Against Caledonian Capitalism

The Socialist Party has often been accused of being aloof to workers' struggles but on the contrary we do not stand aside from the struggles of nationalism. These struggles are a potent force for the delusion of workers, for the promotion of divisive, anti-working class theories, for the diversion from the essential object of the establishment of socialism. So we cannot stand aside from them; we must expose their basic fallacy, we must be unrelentingly hostile to them and we must strive to replace their theories with the idea of the united, co-operative world of socialism.  It will be a society in which all human beings will be together in the single aim of making life as abundant, free and pleasurable as possible. There will be one people, working together for one object. In socialism the national divisions of capitalism will fade away into a distant memory.

The nationalist argument, as propounded by the SNP in Scotland, is quite simplistic.
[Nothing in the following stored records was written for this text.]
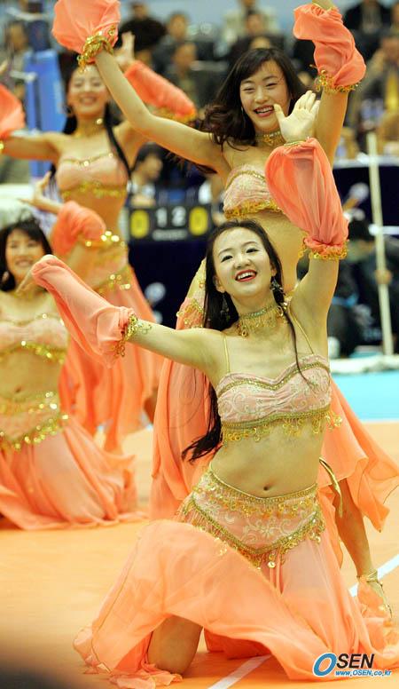 30일 서울 올림픽공원 펜싱경기장에서 열린 KT&G 2005-2006 V-리그가 천안 현대캐피탈 스카이워커스와 대전 삼성화재 블루팡스의 경기서 치어리더들이 화려한 의상과 댄스로 관중들의 시선을 모으고 있다./올림픽공원=주지영 기자 jj0jj0@osen.co.kr [Copyright ⓒ 한국 최고의 스포츠 전문 미디어 OSEN(www.osen.co.kr) 무단전재 및 재배포 금지]
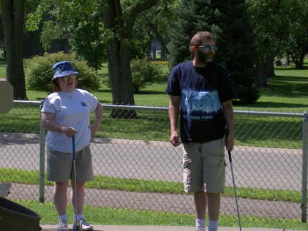 in the golf tournament. Aunt Judi supervises the lesson!TL ready to tackle hole #1! Rich - "And this year's victim is??" Rich admits David is competition this year.
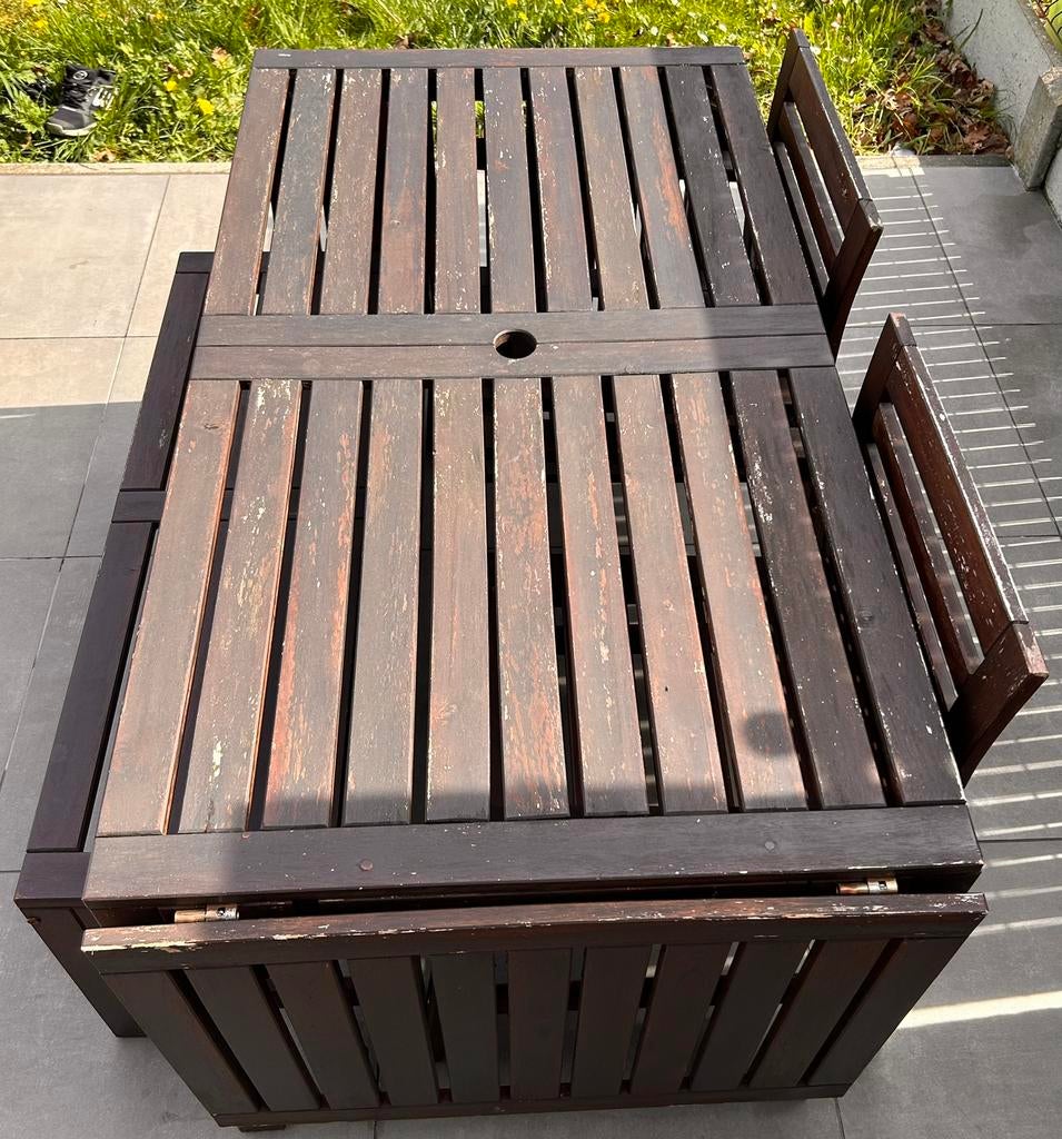 VandaagLeonieAalst - Tuinset: 1 tafel, 2 stoelen en 1 zitbankVolledig samenhorende tuinset: tafel standaard: 1,40 m lengte op 0,76m breedte. Tafel is verlengbaar met 2 zijstukken van elk 0,60m dus naar een lengte van 2,00m of zelfs 2,60m. Over de lengte van 1,4Gebruikt Ophalen
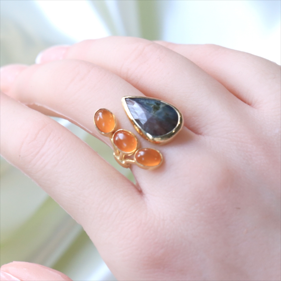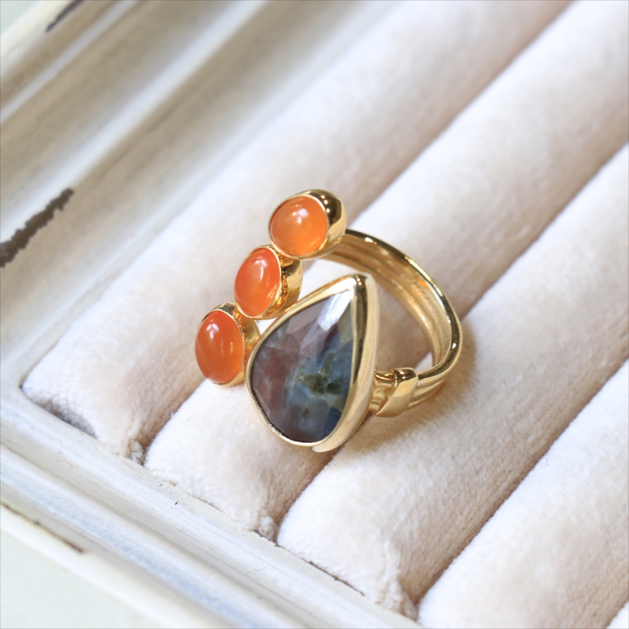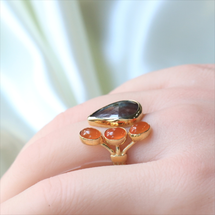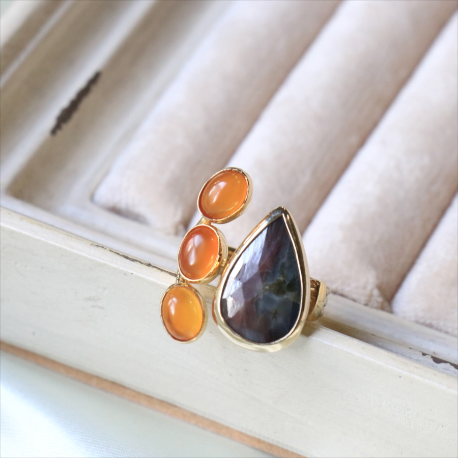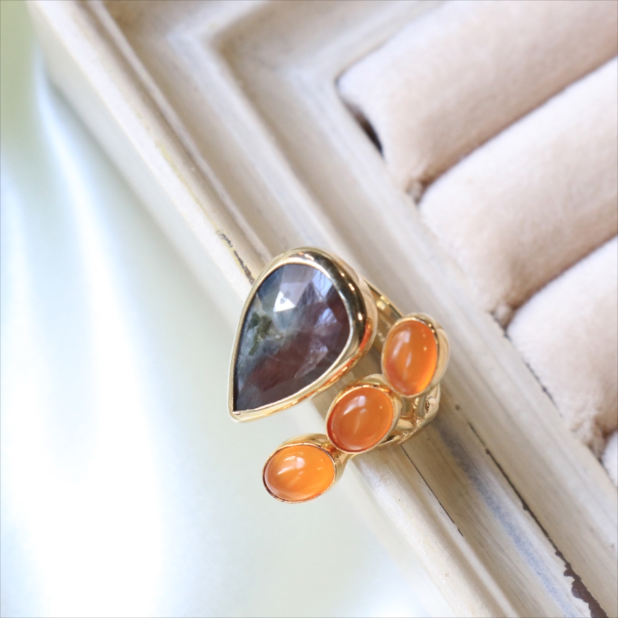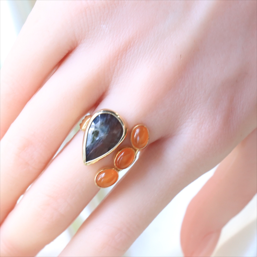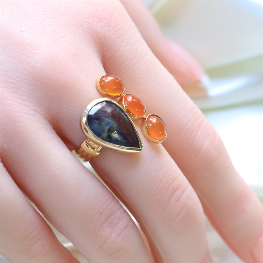 ボルドー、ブルー、深いグレーにやわらかな白い結晶がにじんだような色味が美しいサファイア。かわいらしいサイズのカボションカットのカーネリアンが三つ寄り添うようについたデザインのリングです。絶妙なニュアンスカラーが上品さを引き出します。それぞれの石は裏面が抜けているので、光を透す仕様になっています。。※サファイア1.8×1.1cm
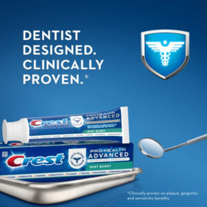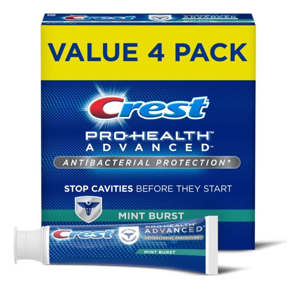 Creme dental de proteção antibacteriana avançada Crest Pro-Health, Mint Burst, 5 onças (pacote com 4) — Você receberá (4) tubos de 5 onças Creme dental de proteção antibacteriana avançada Crest Pro-Health no sabor Mint Burst — Protege contra áreas que os dentistas mais verificam — 8 benefícios para a saúde avançada da boca inteira — Fórmula de limpeza profunda — Oferece proteção dental avançada à placa bacteriana Crest Pro-Health para manter as gengivas saudáveis
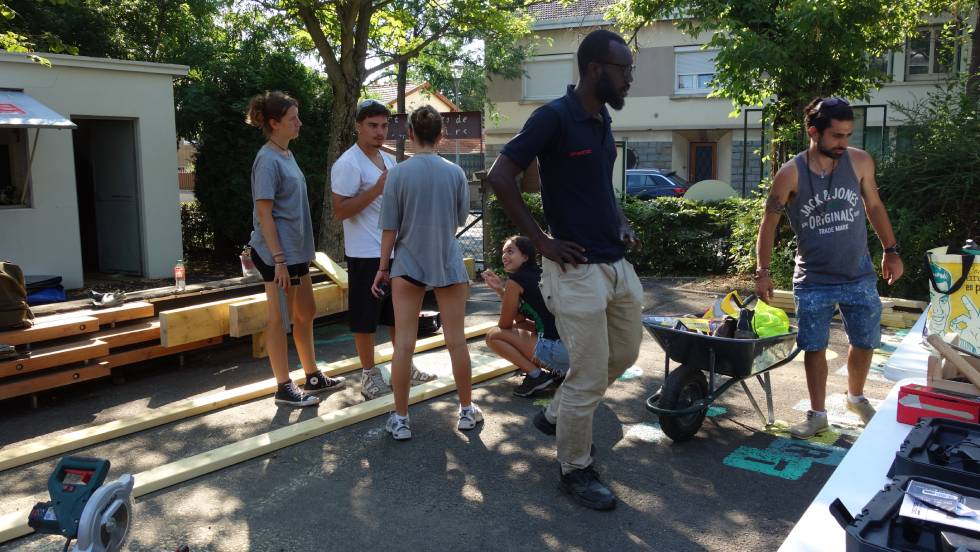 L’action se déroule au square des Liondards. Arrivé au terme des quinze jours qu’a duré le chantier, Fanny Fayolle de l’association Concordia situe le cadre : « On a accueilli des bénévoles de 15 à 17 ans, six sont originaires d’Espagne, de Turquie et d’Italie, six de différents coins de France et une bonne dizaine vient du quartier pour réaliser des meubles en bois. Une partie des meubles restera-là, au square des Liondards, l’autre partie ira au jardin partagé attenant à la Maison Marie-Marvingt. »
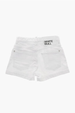 WHITE BULL Light-Wash Shorts with Logo Button
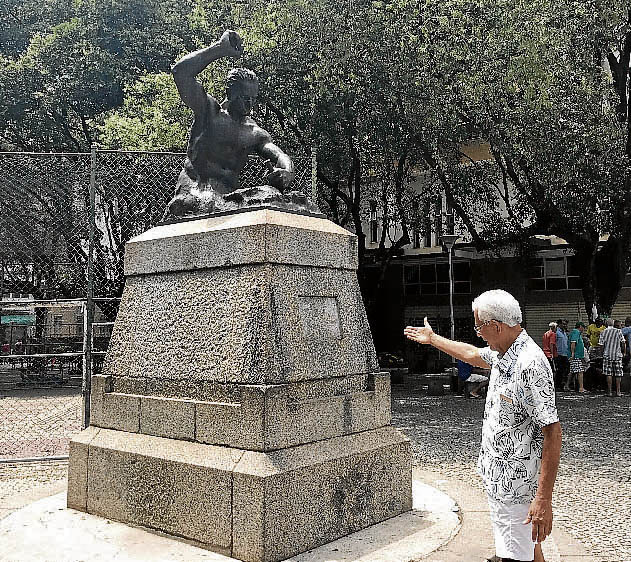 As pessoas quando passam para ver uma estátua querem saber que é o que significa, mas assim não tem como, disse a moradora Amélia da Penha Nunes, de 71 anos, que passava em frente à escultura do trabalhador.>
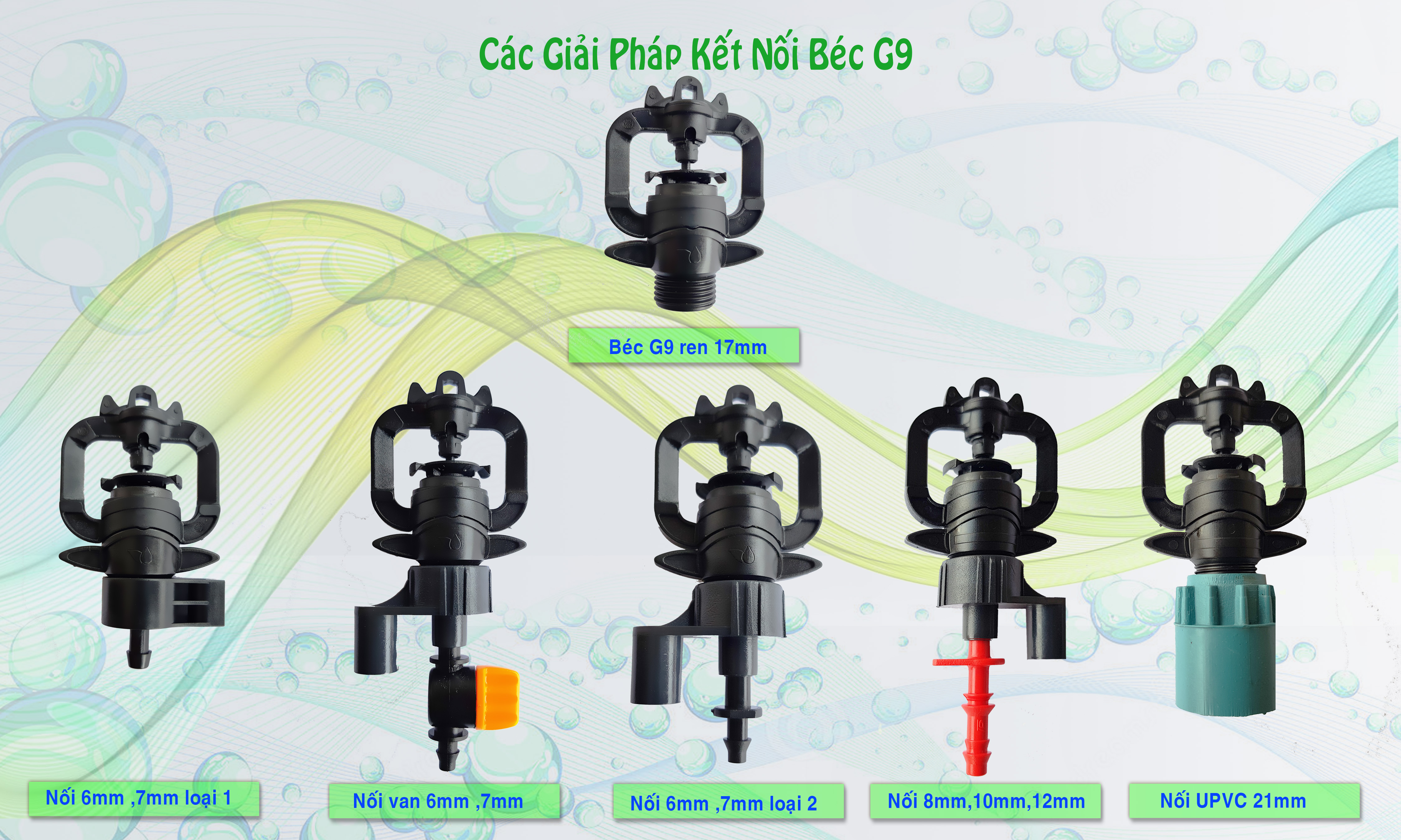 Các kiểu kết nối béc tưới bù áp G9-V2 90l/h
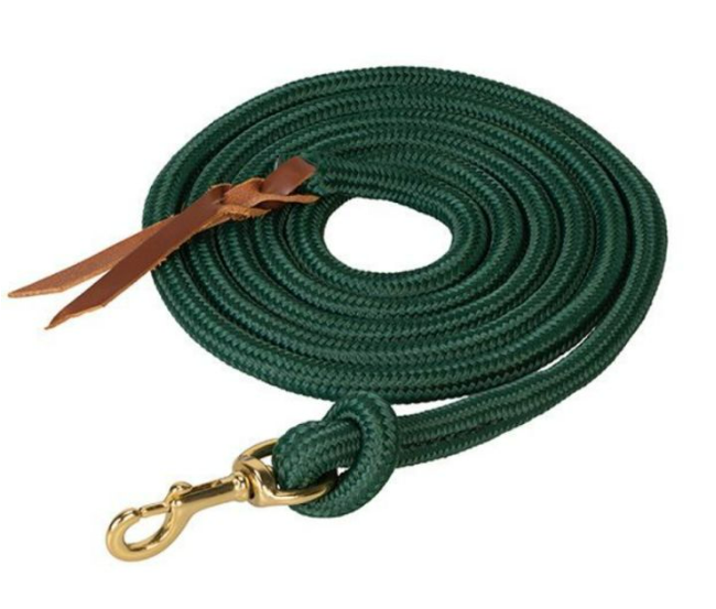 Poly cowboy lead in an array of beautiful colors is made from UV-resistant polyester for the ultimate in durability and long life. Constructed with a swivel snap on one end and a leather popper with bleeding heart knot on the other end. Measure 5/8" x 10'.

The people of Scotland, they say, suffer because they are misgoverned from England; what they need is an independent State of their own so that they could begin to solve their problems.  In fact, the problems faced by workers in Scotland are basically the same as those in any other country; they are caused by international capitalism A sovereign Scotland will remain dependent upon the whims of those who own the wealth. and whose interests whatever government is pledged to defend. The Scottish capitalists and their SNP servants will try to sway us one way or another with crumbs or the promises of crumbs but we’ll only receive what they feel they need to spare to protect their privilege and wealth.  The Scottish elite has got behind nationalism and the independence movement, disguising (as it always does) its own interests in the language of idealism. Yet the reality as explained by Edinburgh University's School of Business' Professor MacKay who said that his research suggested that business attitudes towards independence tended to be dictated by where their customers were primarily located. It's buses, hotels and betting shops versus international banks and mining companies. Consumer goods industries v producer goods industries. Big capitalists v smaller capitalists. Marx's Dept I v Dept II. Some choice. The majority of the Scottish people will find little difference under Holyrood than under Westminster and it could be worse if a global crisis erupts again. Scotland as a small economy, dependent on multinationals for investment, still dominated by British banks and the City of London and without control of its own currency or interest rates, could face a much bigger hit than elsewhere in terms of incomes and unemployment.

So independence would not bring dramatic economic improvement to the majority of Scots; indeed, it could mean a worse situation. In an independent Scotland, the City and the architects of the cuts would have more power over Scotland, not less. If Scots want to tame international capitalism, it can only be done internationally. They have to make links, not break links, with other people in other countries, like England, Wales, and Northern Ireland, who agree with them. The struggle of the workers of the United Kingdom must be a united one. The workers are under the domination of a class who rule by the use of a political machine which is the chief governing instrument for England, Scotland, and Wales. To appeal to the workers of Scotland for a Scottish Workers' Republic as the Left-nationalists do is to arouse and foster the narrow spirit of nationalism, so well used by our masters. Independence simply means a transfer of power to a new group of politicians, while the structure of state and society is but little changed. Foolishly, both the Brexit voter and the Scot Nat fanatically believe that Paradise awaits them.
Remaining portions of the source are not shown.